Posted by vikram.shukla(at)oracle.com on Oracle Blogs See other posts from Oracle Blogs or by vikram.shukla(at)oracle.com
Published on Thu, 10 Feb 2011 13:36:16 -0800 Indexed on 2011/02/10 23:30 UTC
Read the original article Hit count: 433

Filed under:
Introduction:

OCEP is often used as a business rules engine to execute a set of business logic rules via CQL statements, and take decisions based on the outcome of those rules. There are times where configuring rules manually is sufficient because an application needs to deal with only a small and well-defined set of static rules. However, in many situations customers don't want to pre-define such rules for two reasons. First, they are dealing with events with lots of columns and manually crafting such rules for each column or a set of columns and combinations thereof is almost impossible. Second, they are content with probabilistic outcomes and do not care about 100% precision. The former is the case when a user is dealing with data with high dimensionality, the latter when an application can live with "false" positives as they can be discarded after further inspection, say by a Human Task component in a Business Process Management software.

The primary goal of this blog post is to show how this can be achieved by combining OCEP with Oracle Data Mining® and leveraging the latter's rich set of algorithms and functionality to do predictive analytics in real time on streaming events. The secondary goal of this post is also to show how OCEP can be extended to invoke any arbitrary external computation in an RDBMS from within CEP. The extensible facility is known as the JDBC cartridge.

The rest of the post describes the steps required to achieve this:

We use the dataset available at http://blogs.oracle.com/datamining/2010/01/fraud_and_anomaly_detection_made_simple.html to showcase the capabilities. We use it to show how transaction anomalies or fraud can be detected.

Building the model:

Follow the self-explanatory steps described at the above URL to build the model.  It is very simple - it uses built-in Oracle Data Mining PL/SQL packages to cleanse, normalize and build the model out of the dataset.  You can also use graphical Oracle Data Miner®  to build the models.

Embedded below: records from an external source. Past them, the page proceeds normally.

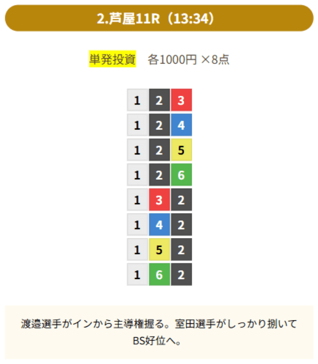 2023年11月21日の常滑10Rにて無料予想で28,400円という的中実績が掲載されていました。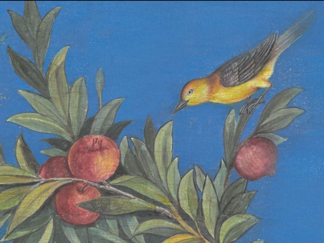A section of the orginal fresco, painted between 30 and 20 BC, for the Villa of Livia Drusilla, wife of the Roman Emperor Augustus.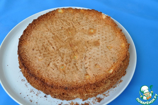 Готовый бисквит остудить, вынуть из формы, разрезать на 4 сектора.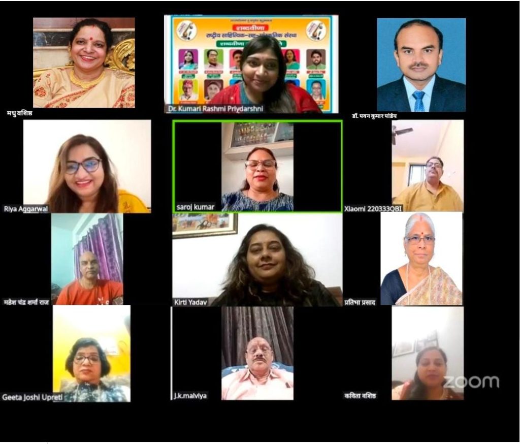 जहाँ डॉ रश्मि प्रियदर्शनी ने “रंग-बिरंगी खुशियाँ लेकर, आयी होली, आयी रे। सबके मन, आनन पर बन मुस्कान मधुर, लहरायी रे’ स्वरचित होली गीत सुमधुर स्वर में गाया, वहीं शब्दवीणा फरीदाबाद जिला उपाध्यक्ष महेश चंद्र शर्मा राज ने ‘हो, हो, हो, हो, हो होरी है। होरी है, बरजोरी है’ होली गीत गाकर खूब वाहवाहियाँ पायीं। वहीं गया जिला अध्यक्ष जैनेन्द्र कुमार मालवीय ने “सांस्कृतिक सद्भाव प्रेम का पावन पर्व यह होली है” रचना पढ़ी। कवयित्री कविता वशिष्ठ की रचना “कवियों का है संग यहाँ पर, शब्दवीणा की टोली, आओ खेलें होली” को खूब सराहना मिली। झारखंड प्रदेश अध्यक्ष वरिष्ठ कवयित्री प्रतिभा प्रसाद ने “मन के अंदर छंद बने हैं, रंगों से रास रचाने को। आ जाना तुम कृष्ण कन्हैया संग में ताल बजाने को’ गीत गाया, तो वहीं हरियाणा प्रदेश सचिव सरोज कुमार ने गाया “खुशियों के तुम रंग बिखेरो, मिलेंगी खुशियाँ तुमको ढेरों।” कवयित्री कीर्ति यादव की संगीत भरी रचना ‘होली आई, होली आई, रंग-बिरंगी होली आई’ पर श्रोताओं से खूब प्रशंसा मिली।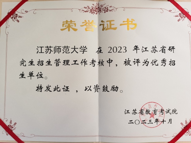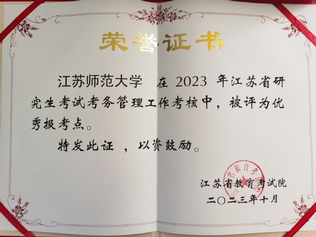 近日江苏省教育考试院召开了2024年全省硕士研究生招生工作会议,全面部署2024年硕士研究生招生考试工作。会议还表彰了2023年硕士研究生招生考试目标管理考核优秀单位。我校获评“江苏省优秀研究生招生单位”和“江苏省优秀报考点”,这是我校连续四年获得双优殊荣。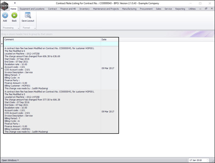 - You will return to the Contract Note Listing for Contract No.: screen.

To summarize, it involves:

  • Specifying which algorithms to use. In this case we use Support Vector Machines as we're trying to find anomalies in highly dimensional dataset.
  • Build model on the data in the table for the algorithms specified.

For this example, the table was populated in the scott/tiger schema with appropriate privileges.

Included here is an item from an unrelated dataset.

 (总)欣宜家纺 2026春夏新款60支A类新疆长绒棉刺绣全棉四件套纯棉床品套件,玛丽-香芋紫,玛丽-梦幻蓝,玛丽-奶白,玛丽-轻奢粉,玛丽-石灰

Configuring the Data Source:

This is the first step in building CEP application using such an integration.  Our datasource looks as follows in the server config file.  It is advisable that you use the Visualizer to add it to the running server dynamically, rather than manually edit the file.

   <data-source>
        <name>DataMining</name>
        <data-source-params>
            <jndi-names>
                <element>DataMining</element>
            </jndi-names>
            <global-transactions-protocol>OnePhaseCommit</global-transactions-protocol>
        </data-source-params>
        <connection-pool-params>
            <credential-mapping-enabled></credential-mapping-enabled>
            <test-table-name>SQL SELECT 1 from DUAL</test-table-name>
            <initial-capacity>1</initial-capacity>
            <max-capacity>15</max-capacity>
            <capacity-increment>1</capacity-increment>
        </connection-pool-params>
        <driver-params>
            <use-xa-data-source-interface>true</use-xa-data-source-interface>
            <driver-name>oracle.jdbc.OracleDriver</driver-name>
            <url>jdbc:oracle:thin:@localhost:1522:orcl</url>
            <properties>
                <element>
                    <value>scott</value>
                    <name>user</name>
                </element>
                <element>
                    <value>{Salted-3DES}AzFE5dDbO2g=</value>
                    <name>password</name>
                </element>
                                <element>
                    <name>com.bea.core.
datasource.serviceName</name>
                    <value>oracle11.2g</value>
                </element>
                <element>
                    <name>com.bea.core.
datasource.serviceVersion</name>
                    <value>11.2.0</value>
                </element>
                <element>
                    <name>com.bea.core.
datasource.serviceObjectClass</name>
                    <value>java.sql.Driver</value>
                </element>
            </properties>
        </driver-params>
    </data-source>

 

Designing the EPN:

The EPN is very simple in this example.

Thumbnail image for dm-epn.jpg





We briefly describe each of the components.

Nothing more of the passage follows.